Considerations for Boards. Boards likely will need to revisit their funds’ Rule 38a-1 valuation procedures and compliance program, as it is expected most boards will continue to rely on advisers to implement the valuation process. The SEC noted in the Release that it continues to believe that allocating day-to-day responsibilities to a fund’s investment adviser, subject to robust board oversight, is appropriate and consistent with the 1940 Act.

Recordkeeping

The Proposed Rule would require that a fund maintain documentation to support fair value determinations for five years and a copy of the fund’s or its adviser’s policies and procedures currently in effect or that were in effect at any time within the past five years. The reporting requirements are discussed below.

OVERSIGHT OF ADVISERS

In fulfilling their oversight responsibility, the SEC emphasized that boards have a duty to identify, monitor, and manage potential conflicts of interest with respect to the adviser and other service providers involved in a fair value determination. Additionally, the Release directs boards to “probe the appropriateness of the adviser’s fair value processes,” which would include the periodic review of the financial resources, technology, staff, and expertise of the adviser, the reasonableness of the adviser’s reliance on other service providers, and the compliance capabilities that support the fund’s fair valuation processes. [16]

The adviser must specify the titles of the persons responsible for fair valuing the assigned investments, including the functions for which they are responsible.

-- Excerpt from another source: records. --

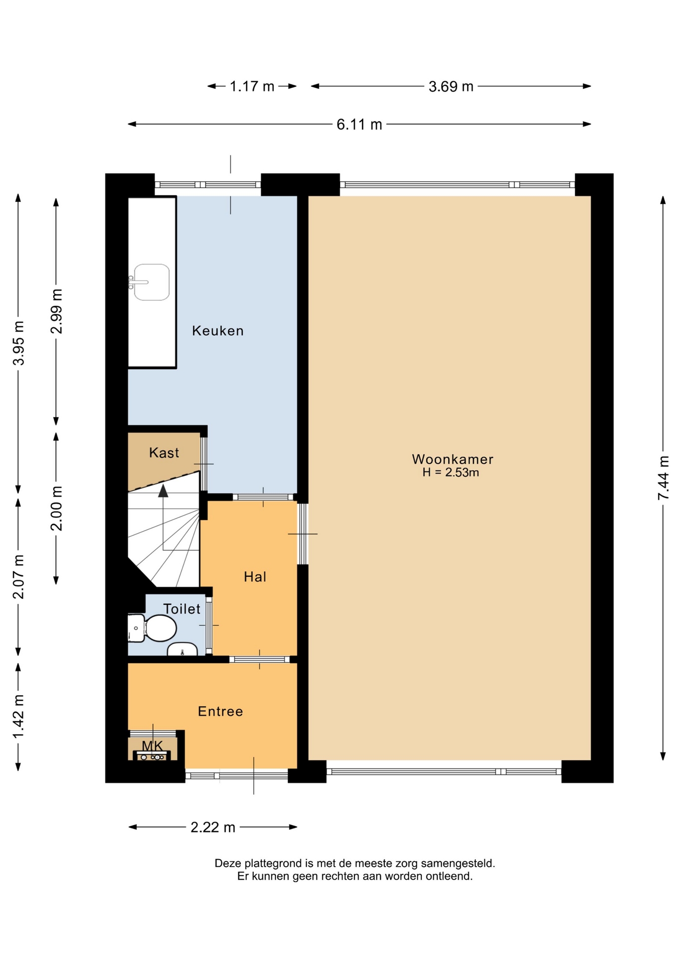 “Deze informatie is door ons met de nodige zorgvuldigheid samengesteld. Onzerzijds wordt echter geen enkele aansprakelijkheid aanvaard voor enige onvolledigheid, onjuistheid of anderszins, dan wel de gevolgen daarvan. Alle opgegeven maten en oppervlakten zijn indicatief.”
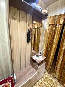 В прихожей выделена зона гардеробной для хранения одежды, двойная входная дверь,
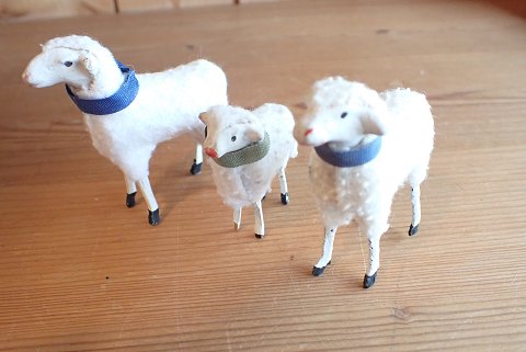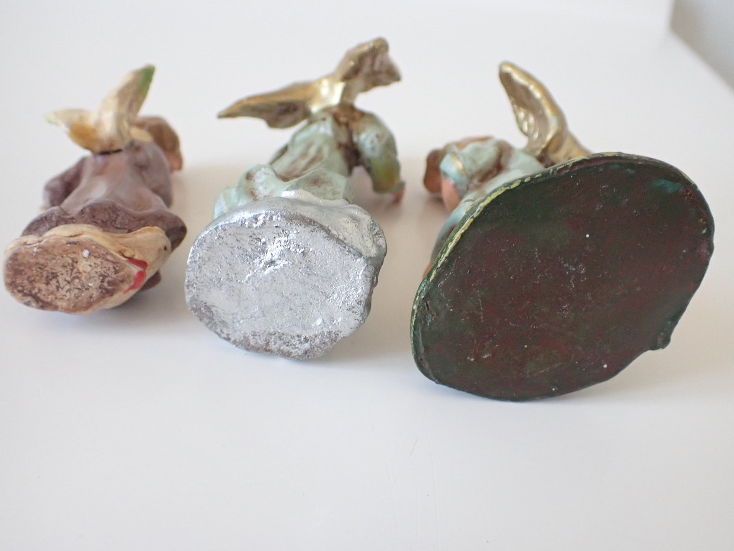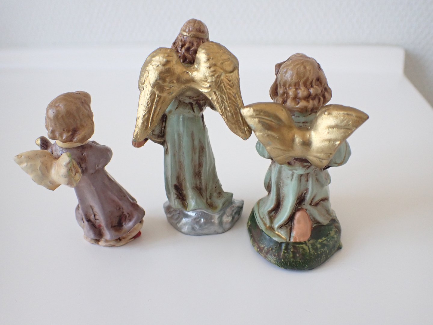 3 tyske juleengle i håndmalet gips. Højde: 8,5 - 6,7 cm. Sælges evt. enkeltvis til 325 kr. pr. stk. Samlet for alle 3: 850 kr.

The Release states that fair valuation policies and procedures generally should describe the composition and role of an adviser’s valuation committee and identify specific personnel with duties associated with price challenges, including those with the authority to override prices (and their roles and responsibilities), and establish a process for the review of price overrides. The adviser also must reasonably segregate the fair value determination process from the portfolio management of the Fund.

The Release acknowledges that portfolio managers often are most knowledgeable regarding a fund’s investments and that it may be appropriate for them to provide input into the process. Nevertheless, the Release cautions funds that, “because portfolio management personnel are often compensated in part based on the returns of the fund, a portfolio manager’s incentives may not be fully aligned with the fund’s with respect to the determination of fair value, and a portfolio manager therefore should not be making the fair value determinations.” [17] The Release cautions boards and advisers to consider the extent of influence that portfolio managers may exercise in connection with the administration of the fair valuation process and provide an appropriate independent check on that process.

Considerations for Advisers. Advisers should evaluate the role of portfolio management in their fair valuation processes to determine whether portfolio management could exert undue influence on valuations and whether there is sufficient independent oversight of portfolio management’s participation in the valuation process. This separation of responsibilities may be particularly difficult for smaller organizations that do not have dedicated valuation personnel.

REPORTING

To facilitate oversight, the Proposed Rule would establish new board reporting requirements. The Release directs Boards to evaluate the type, content, and frequency of the reports they receive from the adviser. The Release states in this regard that, while a board can rely on the information provided to it by the adviser, “it is incumbent on the board to request and review such information as may be necessary to be fully informed of the adviser’s process for determining the fair value of fund investments.” [18] Additionally, the Release cautioned that, if a board becomes aware of material matters, the board should make the necessary inquires and take reasonable steps to address the matters.

The Release states that the reporting requirements are “intended to help ensure that boards receive the amount and type of information that they find most valuable in overseeing the adviser.” [19] The SEC’s view is that “these reports should familiarize directors with the salient features of the adviser’s process and provide them with an understanding of how that process addresses the requirements of [the Proposed Rule].” [20] The Release explains that, to provide the board with the context for the matters covered in the adviser’s reports, the reports should include the information reasonably necessary for the board to evaluate the matters covered in the reports.

Periodic Reporting

At least quarterly, the fund board must assess the adequacy and effectiveness of the adviser’s fair valuation process. At a minimum, this assessment must summarize the following:

  • The assessment and management of material valuation risks, including conflicts of interest attendant to the adviser and any other service provider; 

  • Material changes to, or deviations from, established fair valuation methodologies; 

  • Results of testing of fair value methodologies; 

  • The adequacy of resources allocated to the adviser’s fair valuation process, including material changes to the roles or functions of personnel responsible for determining fair value; 

  • Material changes to the adviser’s process for overseeing pricing services and material events, such as changes to service providers or price overrides; and 

  • Any other materials requested by the board.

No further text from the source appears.